Exercise aim: Copied exactly and without pictures, the lines from the beginning of the entries through the one that holds "26 Jan 2026" should form the entire reply.

(Items from a data source)
__________________________________________________

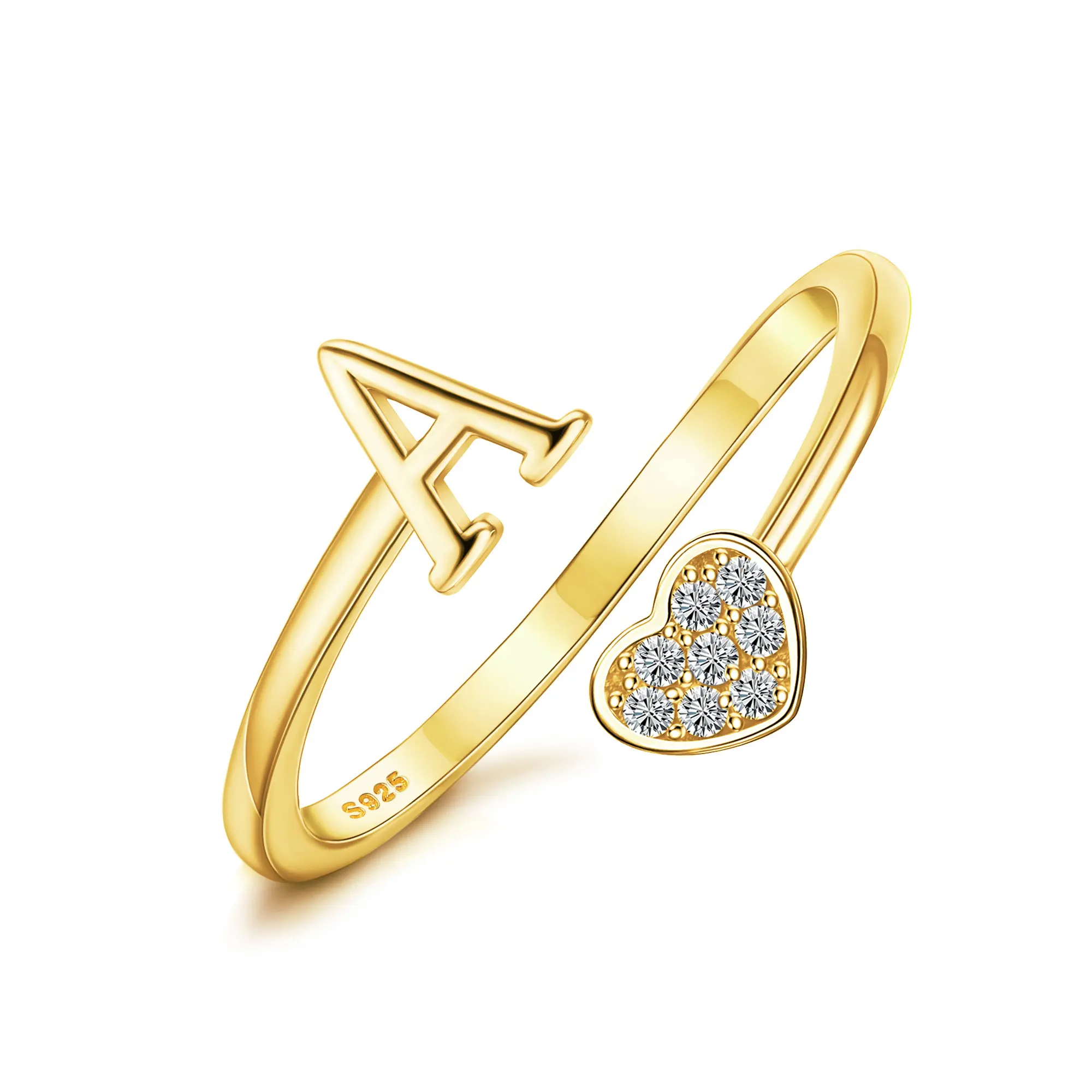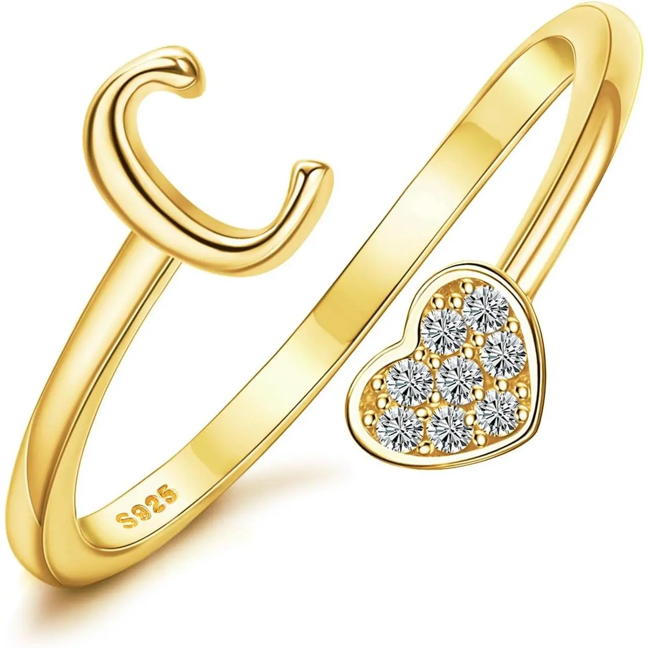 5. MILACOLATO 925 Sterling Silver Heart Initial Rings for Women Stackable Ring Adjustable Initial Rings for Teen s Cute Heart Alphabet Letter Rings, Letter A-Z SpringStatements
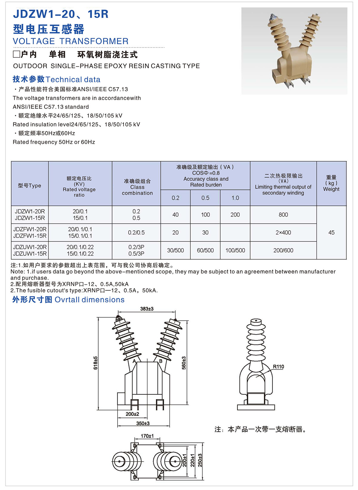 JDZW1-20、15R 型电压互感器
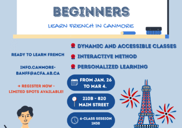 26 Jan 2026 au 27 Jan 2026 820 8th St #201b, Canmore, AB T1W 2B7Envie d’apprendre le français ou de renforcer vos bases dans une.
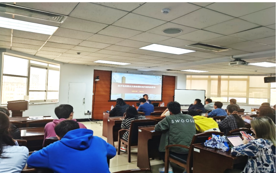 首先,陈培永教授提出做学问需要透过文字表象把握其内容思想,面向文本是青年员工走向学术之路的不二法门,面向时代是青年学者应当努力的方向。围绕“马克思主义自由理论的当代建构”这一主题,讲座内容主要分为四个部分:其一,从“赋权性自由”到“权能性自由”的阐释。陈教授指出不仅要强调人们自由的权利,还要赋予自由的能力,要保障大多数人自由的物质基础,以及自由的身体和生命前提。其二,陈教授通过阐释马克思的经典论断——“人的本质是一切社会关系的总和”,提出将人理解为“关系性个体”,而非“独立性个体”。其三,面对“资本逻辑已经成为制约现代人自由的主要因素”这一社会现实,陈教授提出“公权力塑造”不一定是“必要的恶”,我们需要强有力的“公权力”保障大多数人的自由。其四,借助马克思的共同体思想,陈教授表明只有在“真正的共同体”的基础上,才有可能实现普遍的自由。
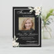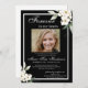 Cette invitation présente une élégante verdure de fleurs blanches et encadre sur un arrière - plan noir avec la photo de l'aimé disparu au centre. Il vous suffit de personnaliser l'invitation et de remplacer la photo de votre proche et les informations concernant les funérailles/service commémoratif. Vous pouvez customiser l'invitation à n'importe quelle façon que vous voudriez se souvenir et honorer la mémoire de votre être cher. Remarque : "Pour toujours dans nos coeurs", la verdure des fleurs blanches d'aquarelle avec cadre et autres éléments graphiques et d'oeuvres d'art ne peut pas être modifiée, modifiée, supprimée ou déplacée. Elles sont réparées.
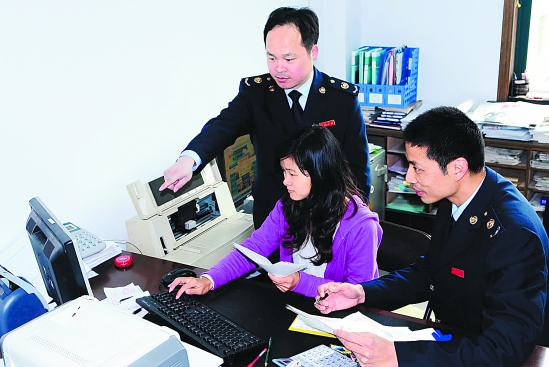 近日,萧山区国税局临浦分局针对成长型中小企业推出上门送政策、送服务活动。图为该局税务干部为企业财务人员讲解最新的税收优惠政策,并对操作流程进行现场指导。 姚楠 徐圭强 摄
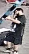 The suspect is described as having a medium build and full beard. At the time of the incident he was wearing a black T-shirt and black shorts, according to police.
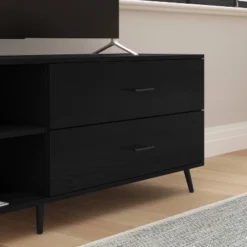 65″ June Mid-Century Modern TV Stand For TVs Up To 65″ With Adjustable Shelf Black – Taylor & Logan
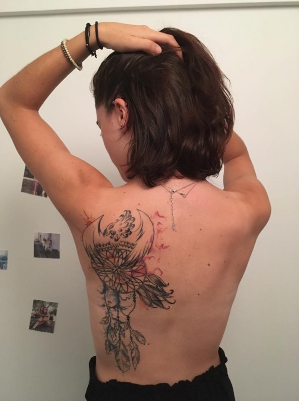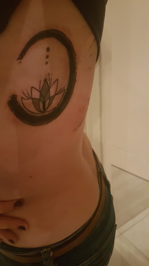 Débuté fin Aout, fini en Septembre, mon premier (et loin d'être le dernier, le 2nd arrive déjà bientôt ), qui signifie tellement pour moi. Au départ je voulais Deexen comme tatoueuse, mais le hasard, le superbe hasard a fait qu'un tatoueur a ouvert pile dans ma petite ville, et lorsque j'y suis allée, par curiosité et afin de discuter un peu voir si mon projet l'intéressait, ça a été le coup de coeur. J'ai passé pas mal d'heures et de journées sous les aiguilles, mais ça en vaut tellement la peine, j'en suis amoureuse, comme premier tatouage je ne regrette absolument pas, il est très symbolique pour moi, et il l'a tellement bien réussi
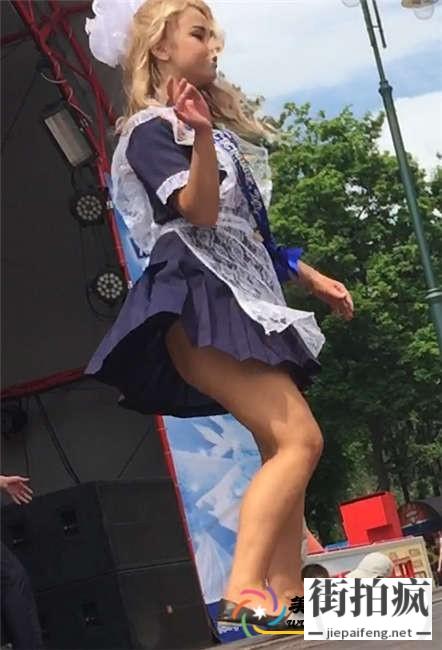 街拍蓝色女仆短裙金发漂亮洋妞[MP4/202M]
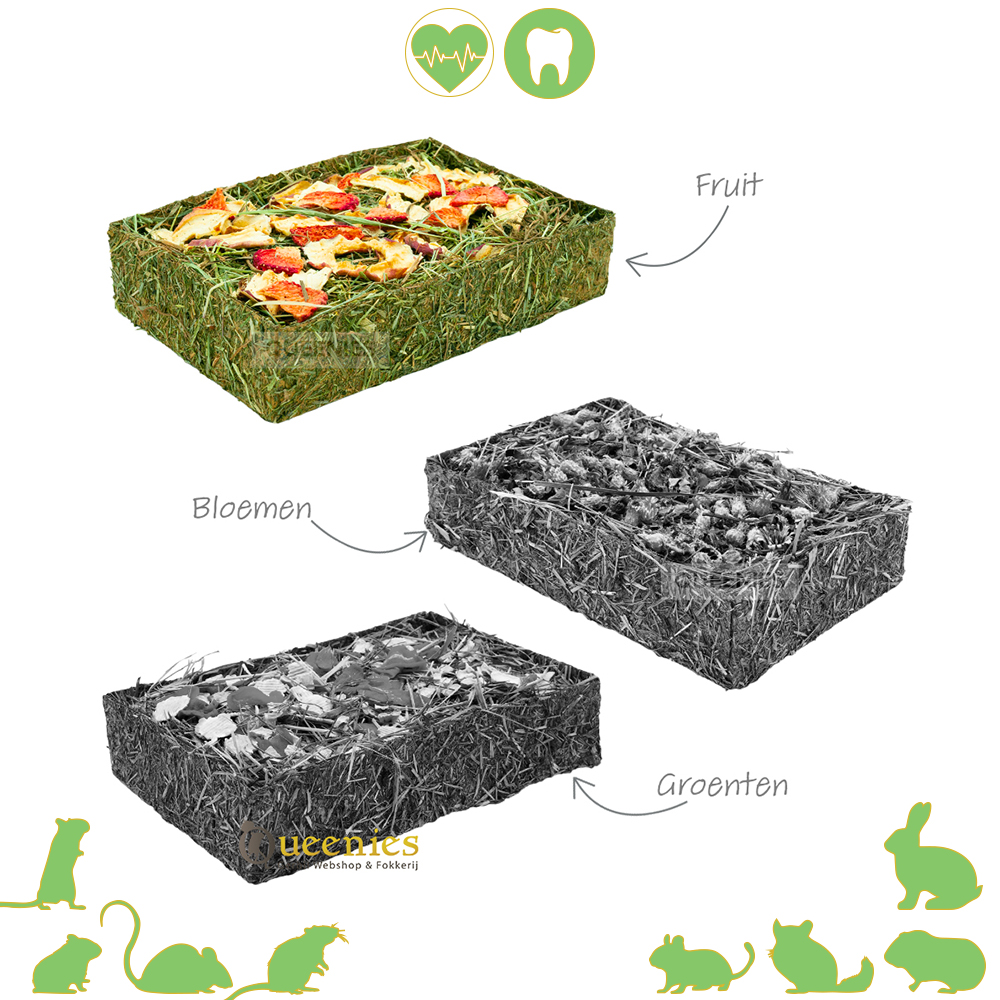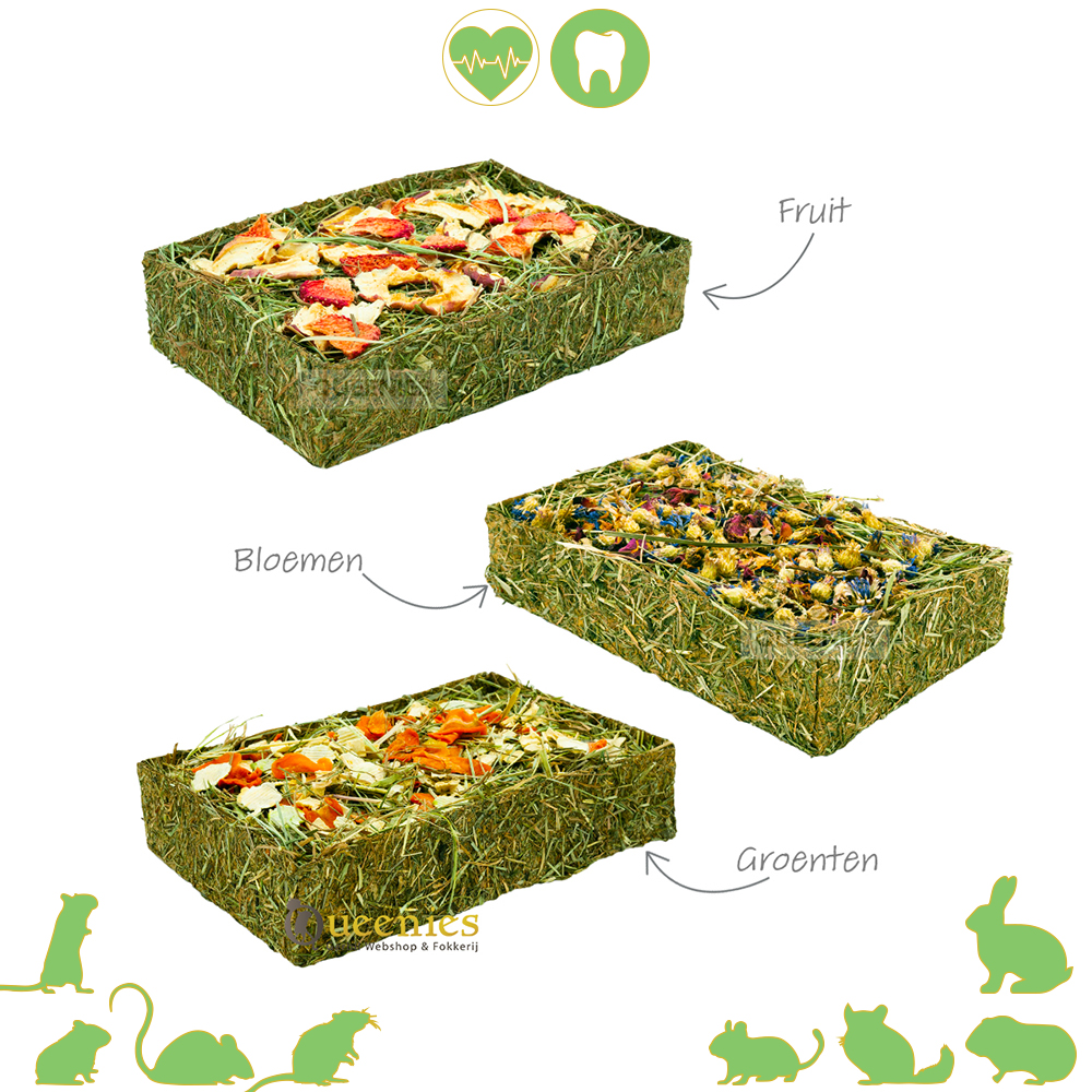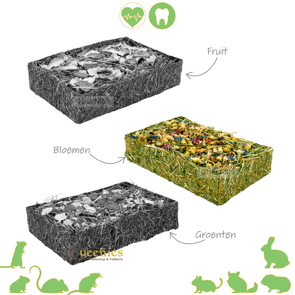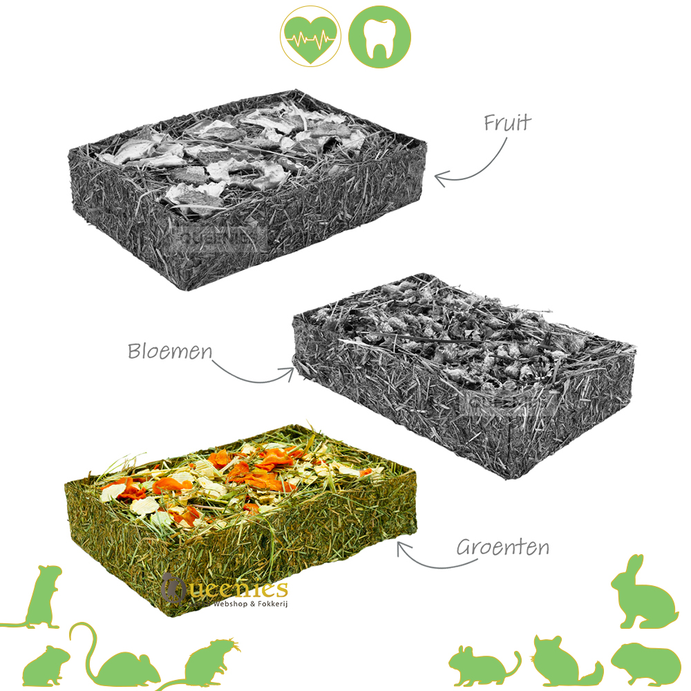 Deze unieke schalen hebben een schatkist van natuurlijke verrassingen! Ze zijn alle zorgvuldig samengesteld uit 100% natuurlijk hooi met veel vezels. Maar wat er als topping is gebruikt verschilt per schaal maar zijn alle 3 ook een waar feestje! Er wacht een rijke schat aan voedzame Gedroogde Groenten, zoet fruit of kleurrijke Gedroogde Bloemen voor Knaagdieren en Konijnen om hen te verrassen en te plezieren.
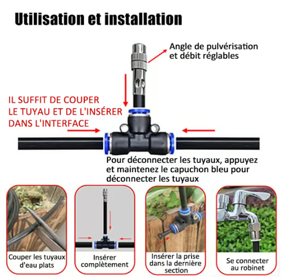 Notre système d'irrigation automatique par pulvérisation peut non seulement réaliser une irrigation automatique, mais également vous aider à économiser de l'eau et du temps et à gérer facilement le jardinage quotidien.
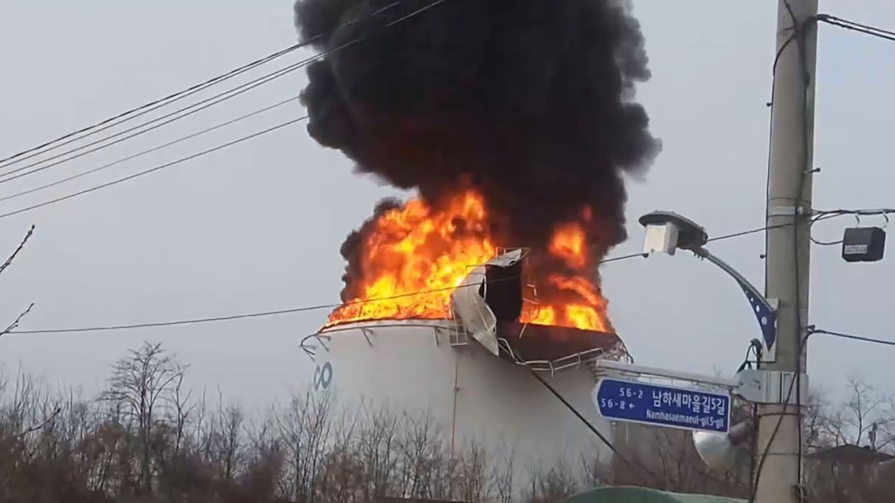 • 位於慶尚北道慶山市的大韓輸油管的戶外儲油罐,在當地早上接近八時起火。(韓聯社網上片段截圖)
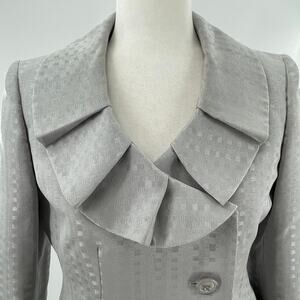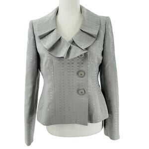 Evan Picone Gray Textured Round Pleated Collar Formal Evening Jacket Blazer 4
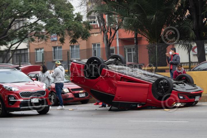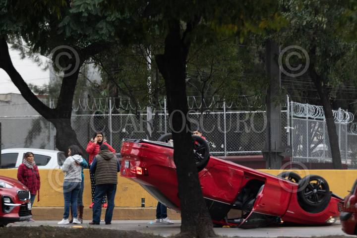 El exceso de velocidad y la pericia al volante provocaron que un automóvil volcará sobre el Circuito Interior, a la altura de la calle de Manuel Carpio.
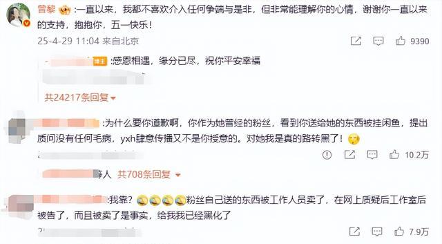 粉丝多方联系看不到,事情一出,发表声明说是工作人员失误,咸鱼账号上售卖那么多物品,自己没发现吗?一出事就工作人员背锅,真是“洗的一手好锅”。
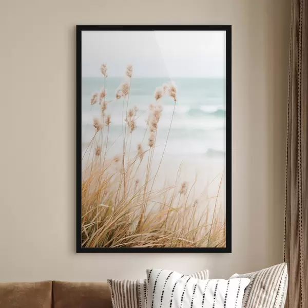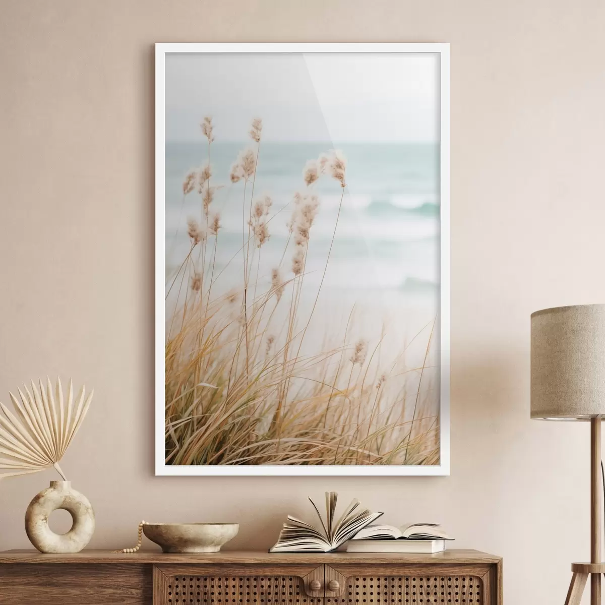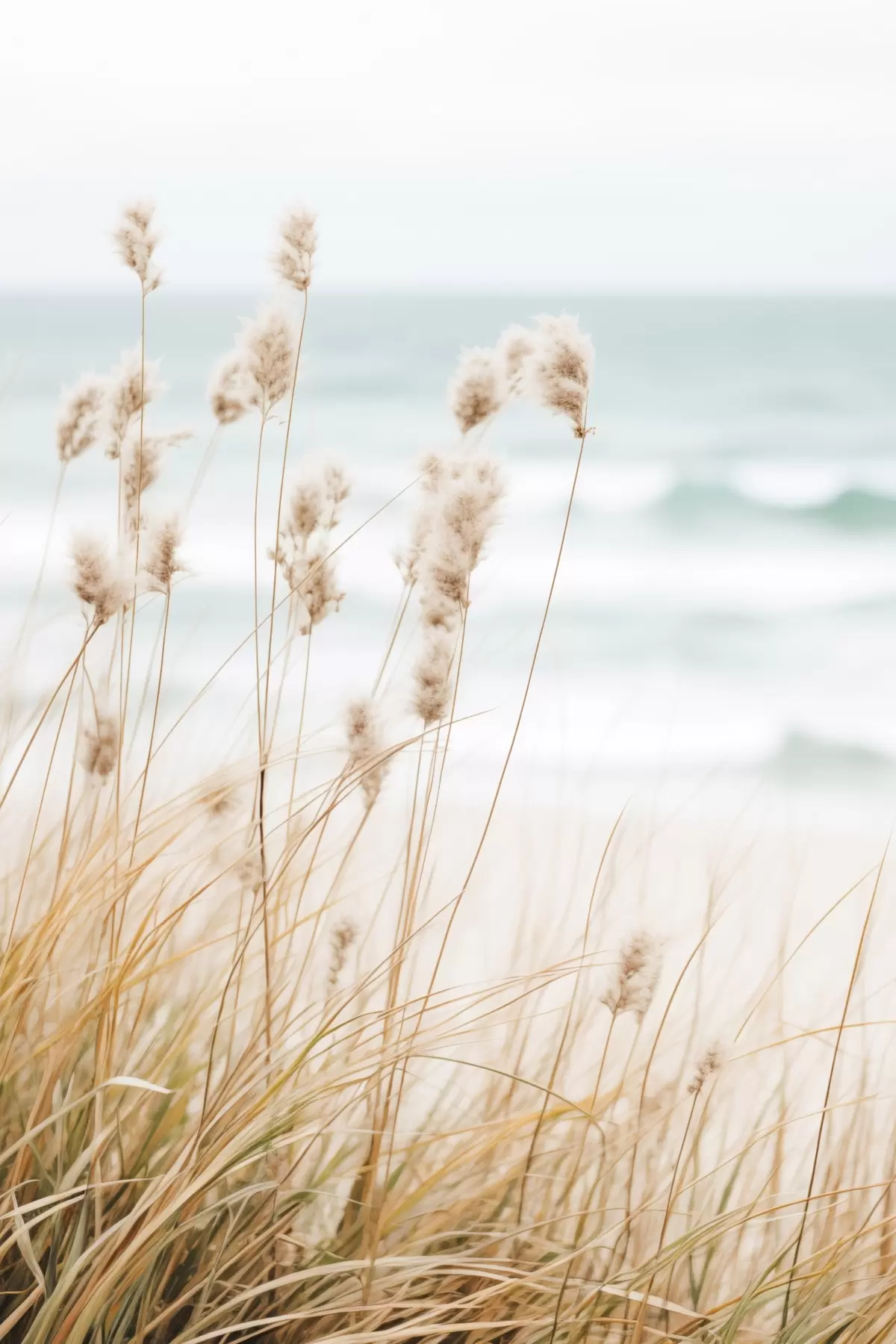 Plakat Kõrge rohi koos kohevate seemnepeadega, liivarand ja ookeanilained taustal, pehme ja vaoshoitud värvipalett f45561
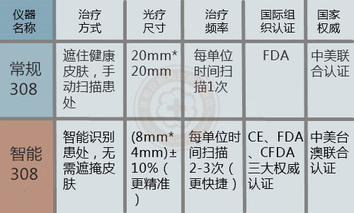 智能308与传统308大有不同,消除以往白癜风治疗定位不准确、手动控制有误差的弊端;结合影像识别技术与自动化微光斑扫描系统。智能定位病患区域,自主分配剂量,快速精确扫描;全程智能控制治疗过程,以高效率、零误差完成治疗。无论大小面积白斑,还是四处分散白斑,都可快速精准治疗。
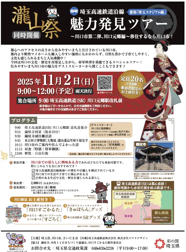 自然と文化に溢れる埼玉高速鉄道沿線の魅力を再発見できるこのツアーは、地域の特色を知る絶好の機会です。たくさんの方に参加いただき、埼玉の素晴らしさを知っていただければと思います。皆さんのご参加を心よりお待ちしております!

__________________________________________________

Exercise response:
 5. MILACOLATO 925 Sterling Silver Heart Initial Rings for Women Stackable Ring Adjustable Initial Rings for Teen s Cute Heart Alphabet Letter Rings, Letter A-Z SpringStatements
 JDZW1-20、15R 型电压互感器
 26 Jan 2026 au 27 Jan 2026 820 8th St #201b, Canmore, AB T1W 2B7Envie d’apprendre le français ou de renforcer vos bases dans une.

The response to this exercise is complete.